Dr. Mayo presented a great case of an atypical presentation of GPA in an elderly female with a history of breast cancer who presented with progressive, non-productive cough and nasal congestion despite abx courses, found to have a single cavitary lung lesion that ultimately showed granulomas in addition to +PR3-ANCA.
We reviewed the ddx of cavitary lung lesions, especially given our patient had an extensive travel history and personal history of breast cancer. The differential includes:
- Infections (necrotizing infections with anaerobic or other bacteria, mycobacteria, fungi, parasites or septic pulmonary emboli)

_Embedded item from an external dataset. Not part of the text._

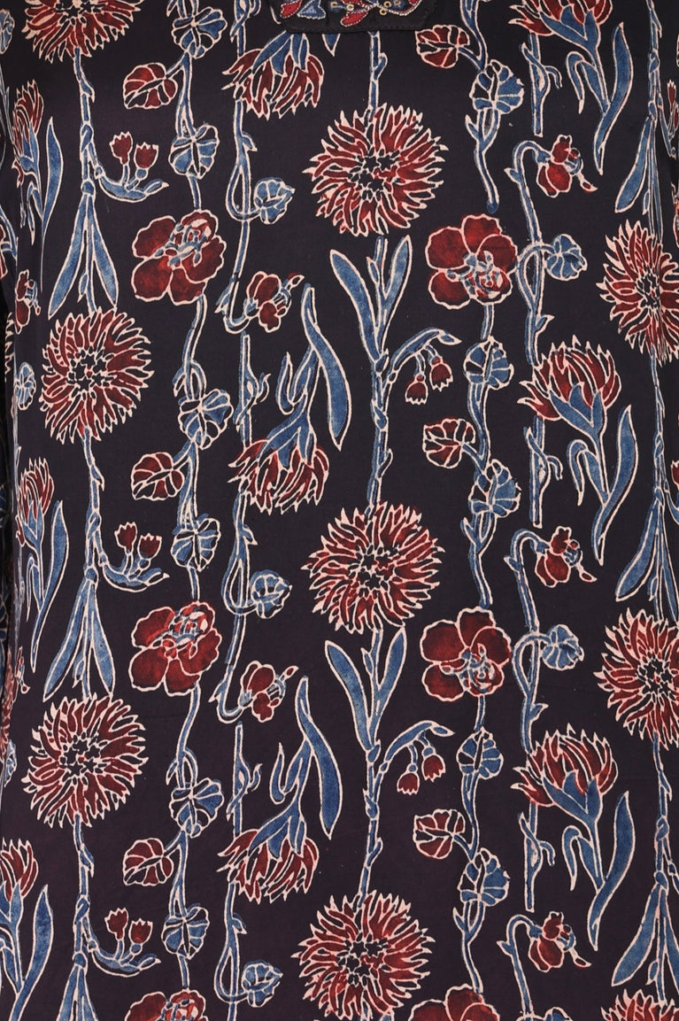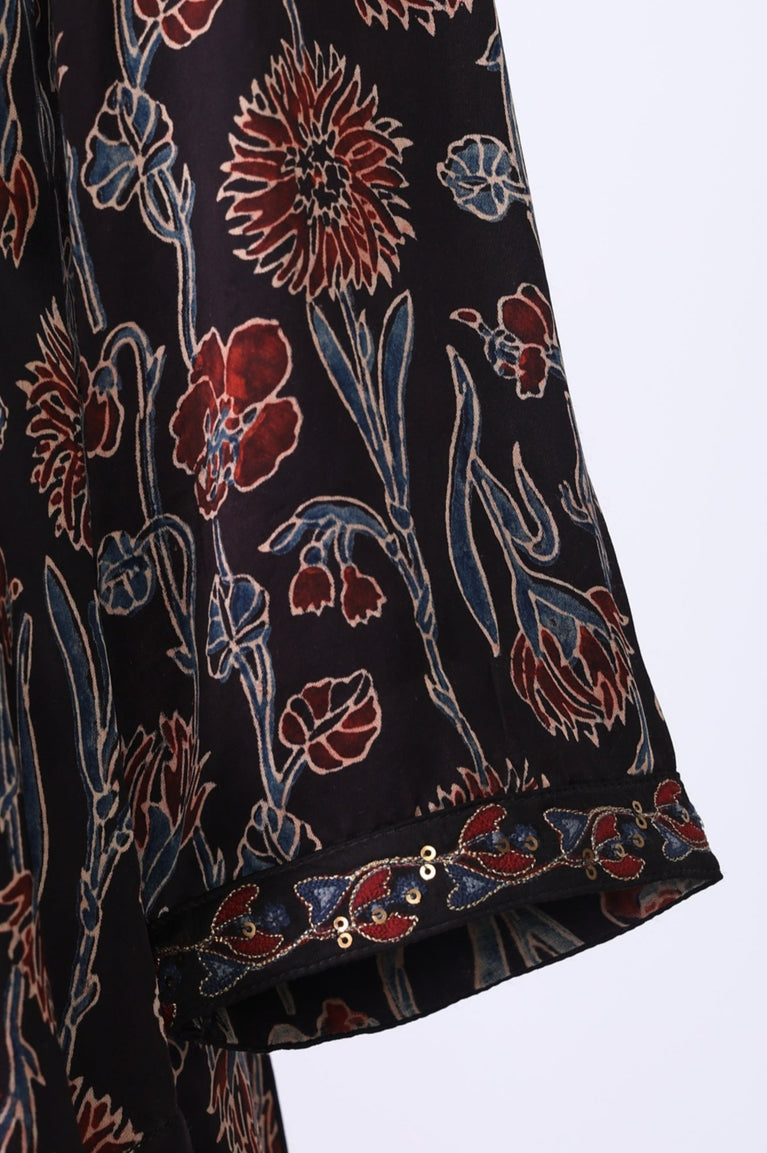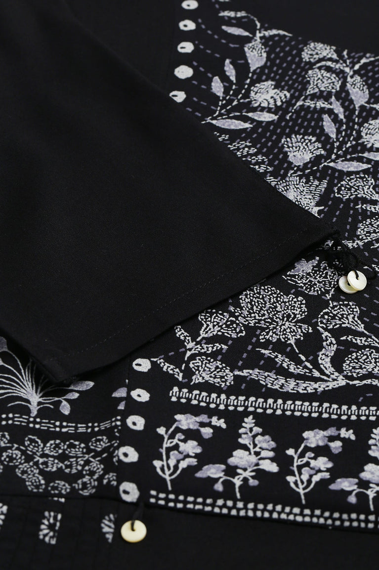 Black Floral Side Pleated kurta In Round Neck

- Non-infectious (PE with infarction, vasculitis, neoplasm, COP, sarcoid, rheumatoid nodules, among others)
Dr. Mayo presented information regarding the ACR guidelines for diagnosis of GPA (included below).
She additionally reviewed a 2005 RCT by de Groot et al published in Arthritis & Rheumatology comparing cyclophosphamide and methotrexate for induction and remission of ANCA-associated vasculitis without significant renal involvement. This study found that remission with methotrexate took about 2 months longer compared to cyclophosphamide. Additionally, methotrexate had higher relapse rates as well. However, it is still important to consider the potential risk/benefit profile of MTX vs CYC for each individual patient.